Solon hopes new bill’s signing will deter use of money mules

AS the Philippines has emerged as one of the countries at highest risk of web threats, a senior lawmaker said local regulators and lawmen will be better armed with more powers in flushing out cybercriminals involved in phishing and other online scams.

According to Luis Raymund Villafuerte, the expected signing into law of a congressional bill on more protection for financial consumers “couldn’t have come at a more appropriate time than now when the Philippines, in a report by cybersecurity and anti-virus provider Kaspersky Security Network [KSN], has been tagged as one of the countries most targeted by web threats.”

Local banks have also been telling their clients to avoid giving access to their accounts to third parties, given that this act—known as money muling—is a crime punishable under the Anti-Money Laundering Act as it enables cybercriminals to use these bank accounts to transfer funds from illegal sources, said Villafuerte in a statement at the weekend.

Fraudsters and scammers offer P1,000 to P5,000 to buy or use the legitimate bank accounts of people that they then use to launder money, the lawmaker added.
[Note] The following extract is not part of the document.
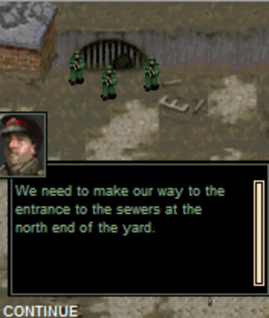 In the mobile version of Call of Duty 2, you take the roles of various soldiers fighting through World War II. There's four years (1942-1945), each one with two soldiers to choose from, each with their own set of missions. Everything but the first missions are locked, and you have to complete them to unlock the later ones, eventually unlocking the next year as soon as you finish every mission in the earlier one. The missions can vary wildly, from location to objective and weapons. In some missions you have a team of soldiers to help you out, in others you have to work solo. You'll be instructed along the mission on what to do, as well as receiving hints and tips on how to do it. You may have to take down enemy troops, call in airstrikes, hide from bomber attacks, destroy enemy vehicles or even be left all alone sniping enemy units. The time you take to beat the mission is stored so you can try to beat the default "best time" or your own best time. The game works in a pseudo top-down view, since the game works like a 2D top-down but the scenario is rather 3D. Most of the maps are similar, having you start on the bottom and having to make your way up to the top to progress through the mission. You can crawl under sandbags or hide behind buildings for cover, and sometimes there's medics spread around to assist you. The weapons are varied, from pistols, machine guns, sniper, bazooka or even a walkie-talkie to call in airstrikes. Most of the weapons simply fire forward, but to help you aim, some can "auto-point" at nearby targets, and others have a reticule that you move around with the D-Pad.

Villafuerte is the co-author of the congressional enrolled bill now awaiting President Duterte’s signature that imposes penalties against money muling and phishing or any other social engineering schemes.

He said cybercriminals have flourished under the pandemic as social distancing protocols have dramatically increased the volume of online transactions to avoid face-to-face interactions.

For Villafuerte, “Covid-19 has presented new opportunities for cybercriminal exploitation, including remote work, virtual crime and persistent threats.”

Although banks have increased their efforts to address cybercrimes, and consumers have also become  increasingly vigilant  against such offenses,  Villafuerte said the Philippines still has no law against the use of financial accounts as accessory to financial crimes.

“Worse, there is no punishment that can deter these criminal actions,” said Villafuerte, an advocate of the country’s digital switch even prior to the 2020   outbreak of the coronavirus pandemic.

Villafuerte said Filipinos are to benefit soon from this congressional  measure that aims to  empower the Bangko Sentral ng Pilipinas (BSP) and the rest of the banking community to better protect financial consumers against phishing and other online scams.

“We are hopeful that President Duterte will sign this measure into law as it aims to regulate the use of bank accounts and electronic wallets and consider certain illegal financial acts related to their use as a form of economic sabotage and a heinous crime if done on a large scale,” Villafuerte said.

In January, reports from the Teachers Dignity Coalition (TDC) claimed that about 20 to 40 teachers  lost between P26,000 and P121,000 each from their allegedly “hacked” LandBank accounts, but the lender claimed that its systems were safe and secure and that these teachers had actually fallen prey to a phishing scheme.

Also last January, three Filipinos and a Nigerian were indicted by the DOJ for the hacking attack that victimized in early December about 700 bank customers who reportedly lost as much as P50,000 each through unauthorized transfers from their bank accounts.

Villafuerte said the bill prohibits the opening of a bank account, an e-wallet account or other financial account under a fictitious name or using the identity or identification documents of another to receive or transfer or withdraw proceeds derived from crimes or offenses.

The measure also seeks to penalize any person performing any phishing or social engineering schemes by slapping a term of life imprisonment and a fine of P1 million to P5 million on those found guilty of cyber offenses that constitute economic sabotage.